APPEARING in the same year as Piers Anthony's Macroscope, this novel also centers on a super-telescope, but in an understated and very British way.

In 1930s fandom, when Williams contributed to early fanzines like The Satellite, amateur astronomy was part of the Dream. Telescopes were expensive and spare cash limited, but a dreamer with skill and patience could slowly grind the parabolic mirror for his very own reflector telescope—as described in loving detail here. "They couldn't do better at Palomar," gloats the starstruck amateur.

Early on, Williams captures the thrill of a boy's first glimpse of the Moon under serious magnification.
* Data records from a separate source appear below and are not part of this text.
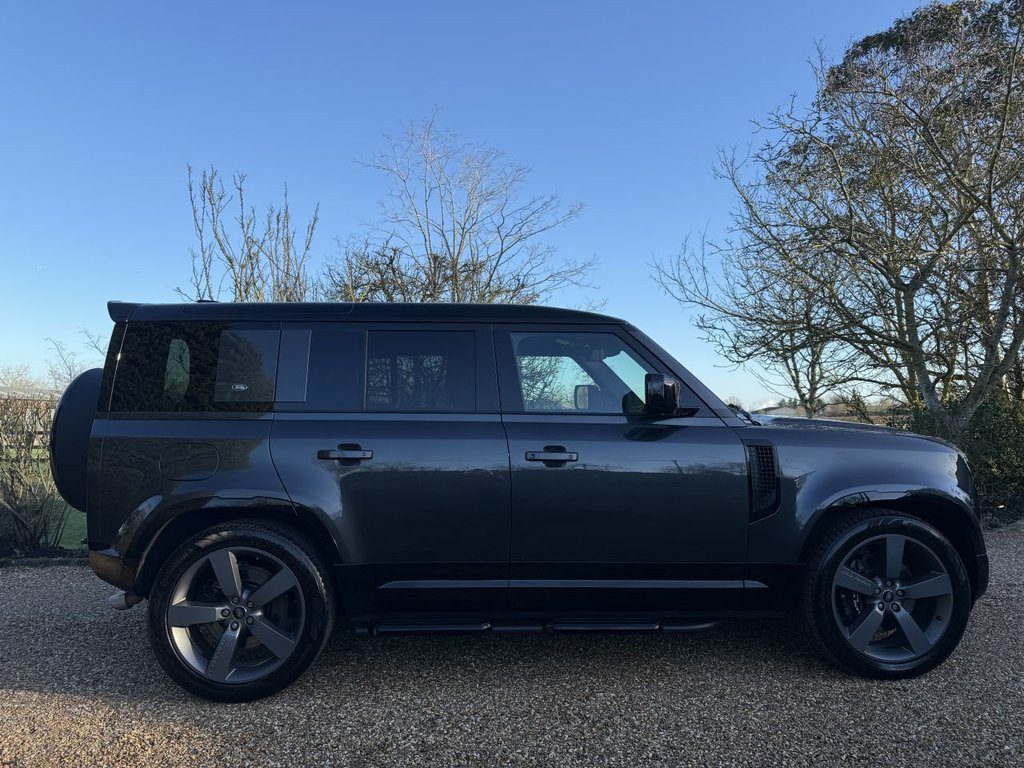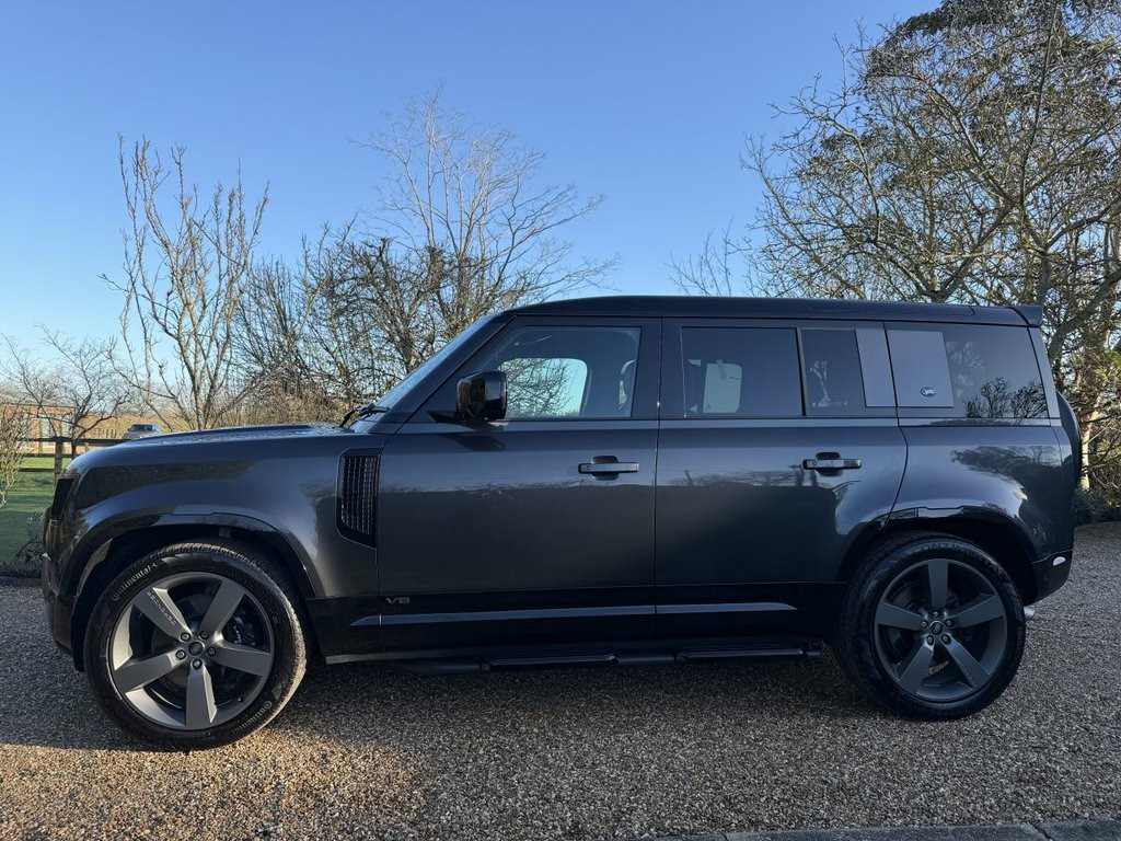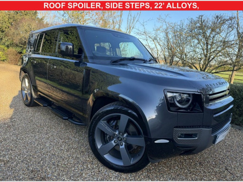 Whytehall are delighted to offer this stunning 1 owner high specification full dealer history VAT QUALIFYING DEFENDER 110 P525 V8 CARPATHIAN EDTION SUV 5DR PETROL AUTO 4WD EURO 6 (SS) (525) Factory extras include Carpathian grey metallic, gloss black contrast roof, roof spoiler and body cladding, panoramic roof with sun protection, black leather with extra leather package, 18 way hot and cold climate seats with lumbar, 40-20-40 heated rear seats with arm rest, heated steering wheel, electric steering column, ambient interior lighting, Air suspension, advance tow assist, electric deployable tow-bar, heads up display. Matrix LED signature headlights, front fog lamps, bright metal pedals, solar attenuating windscreen, privacy glass, air quality sensing, 11.4 media navigation centre with pivi pro apple car play, 360 3D surround view etc wireless charging, heated washer jets, adaptive cruise with start stop, electronic active differential with torque vectoring, Side steps, 22' alloy wheels, painted rear wheel cover, gloss tracker, carpet mats, domestic plug sockets. Stunning condition. Price includes VAT, great value if VAT registered or exporting. Part exchange welcome, same day low rate finance, global delivery available. Please call for further information.
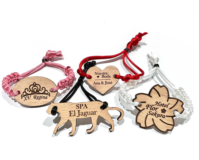 Estos brazaletes hechos a mano son la opción perfecta tanto para promoción como para seguridad. Su diseño incluye una placa de madera completamente personalizable en forma y medida, ideal para destacar tu marca o evento. Incorporan un broche de seguridad para garantizar el control de acceso. Diseñados para ser llamativos y duraderos, son ideales para eventos exclusivos.
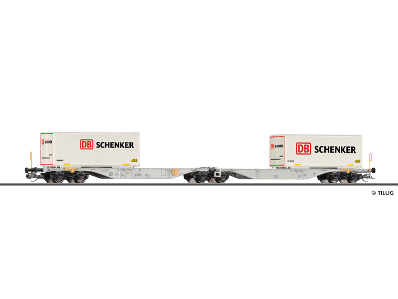 Vůz naložený dvěma kontejnery DB Schenker. Kinematika krátkého spřáhla s šachtou dle NEM. Nevhodné pro děti do 14 let.
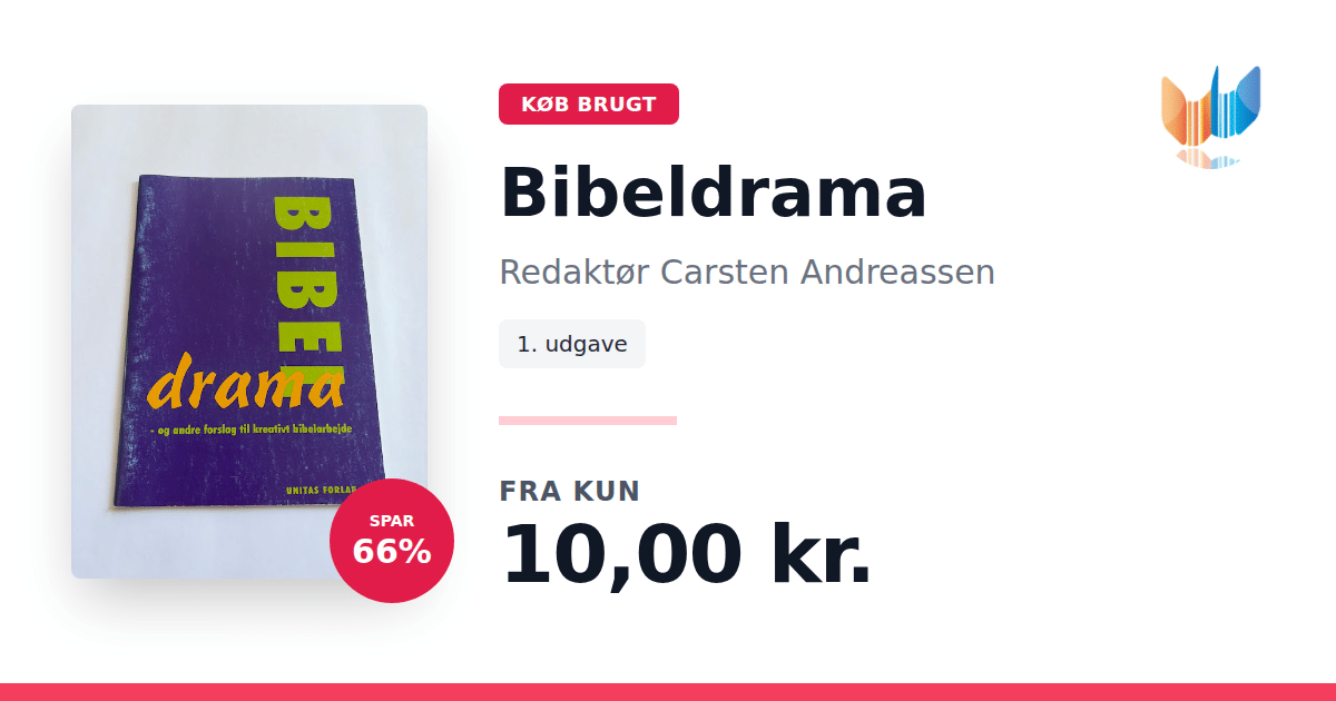 Lige nu kan du købe "Bibeldrama" af Redaktør Carsten Andreassen til kun 10,00 kr. Du sparer hele 66% af nyprisen! Bogen du ser her er brugt, og i god stand. Vi har i øjeblikket kun et enkelt eksemplar til salg af "Bibeldrama", så slå til mens du kan!
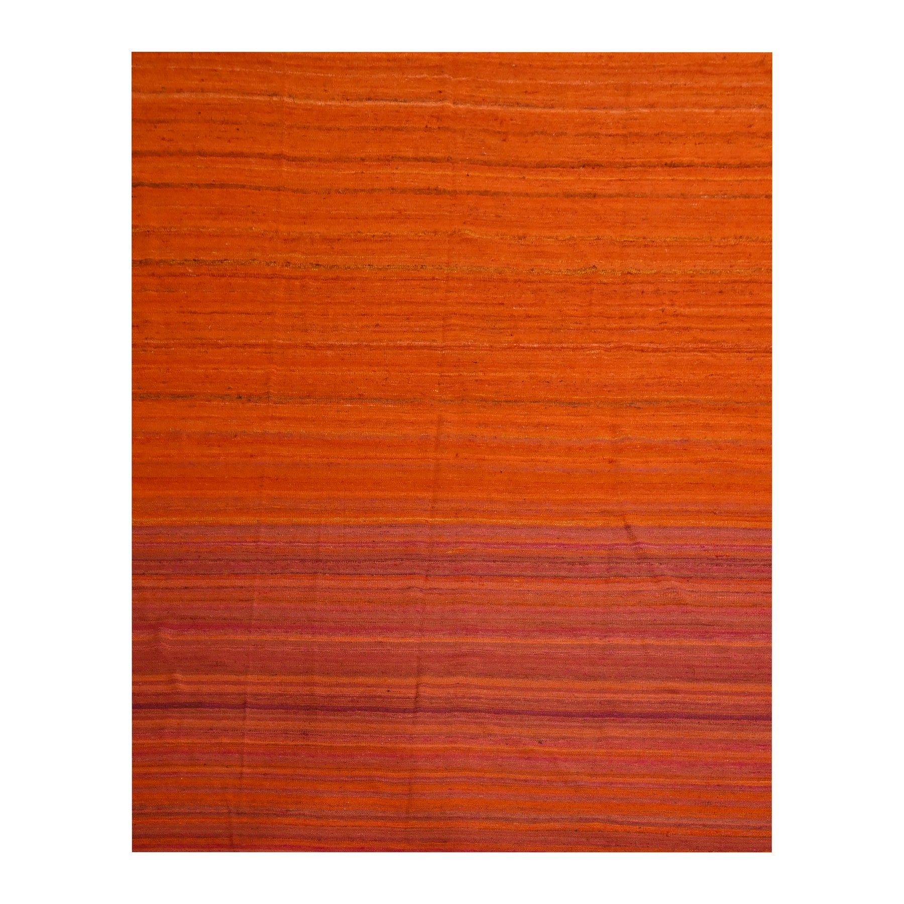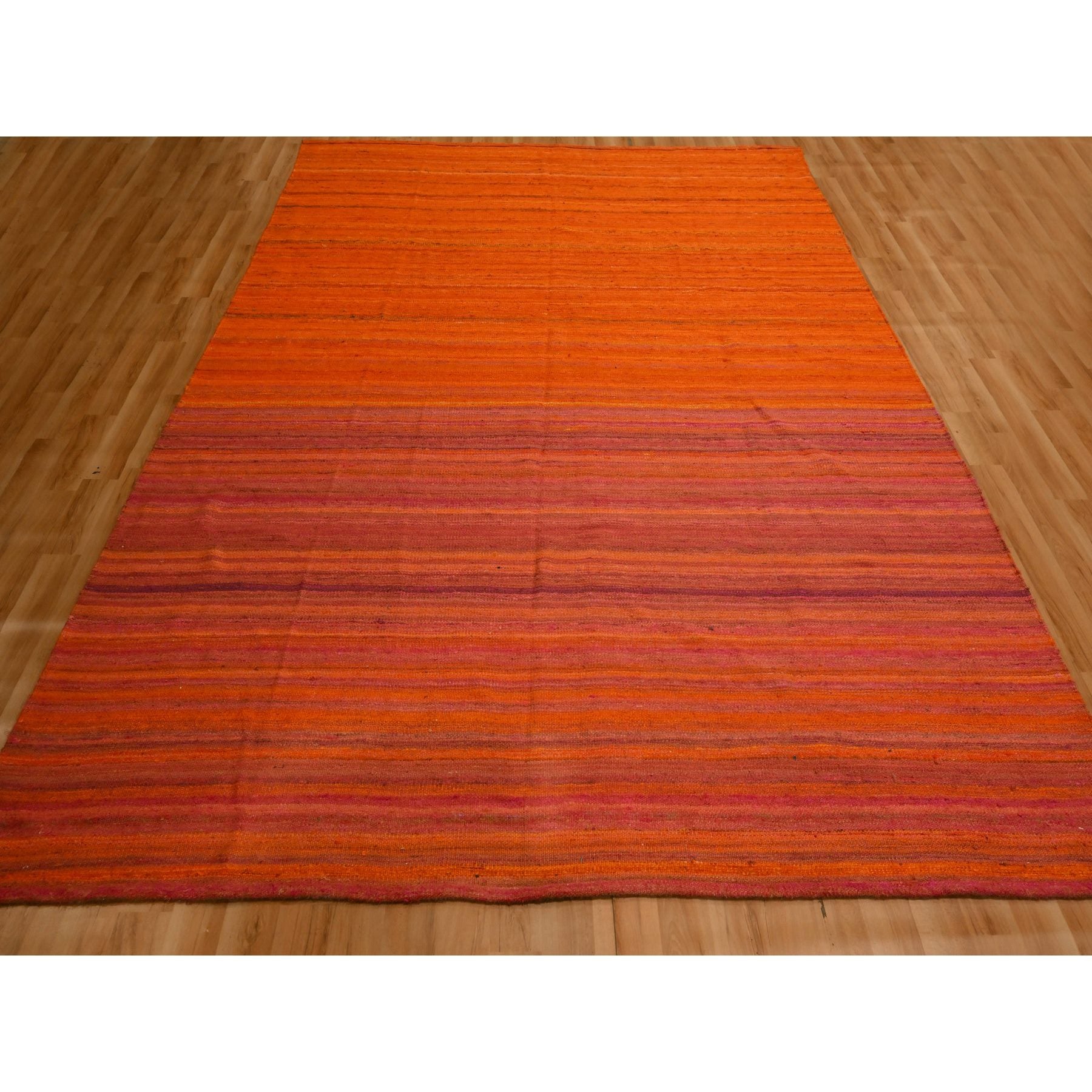 8'x10'1" Sunset Colors, Plain Solid Design, Kilim, Wool And Sari Silk, Hand Knotted, Oriental Rug FWR457260

Without his love of the night sky, the protagonist would be unlikable: a dour, surly product of Yorkshire, conscious of underprivilege (the narrator is better off), and neglectful of the sensationally attractive woman he's somehow contrived to marry.

His big idea is the "filter telescope," mingling imaginary science and image-intensifier technology. Our narrator finances the project while fighting off that predatory wife's miniskirted advances. The reward is a dose of pure-quill sense of wonder as the super-telescope exceeds expectations, zooming in to reveal the solar system in impossibly fine detail.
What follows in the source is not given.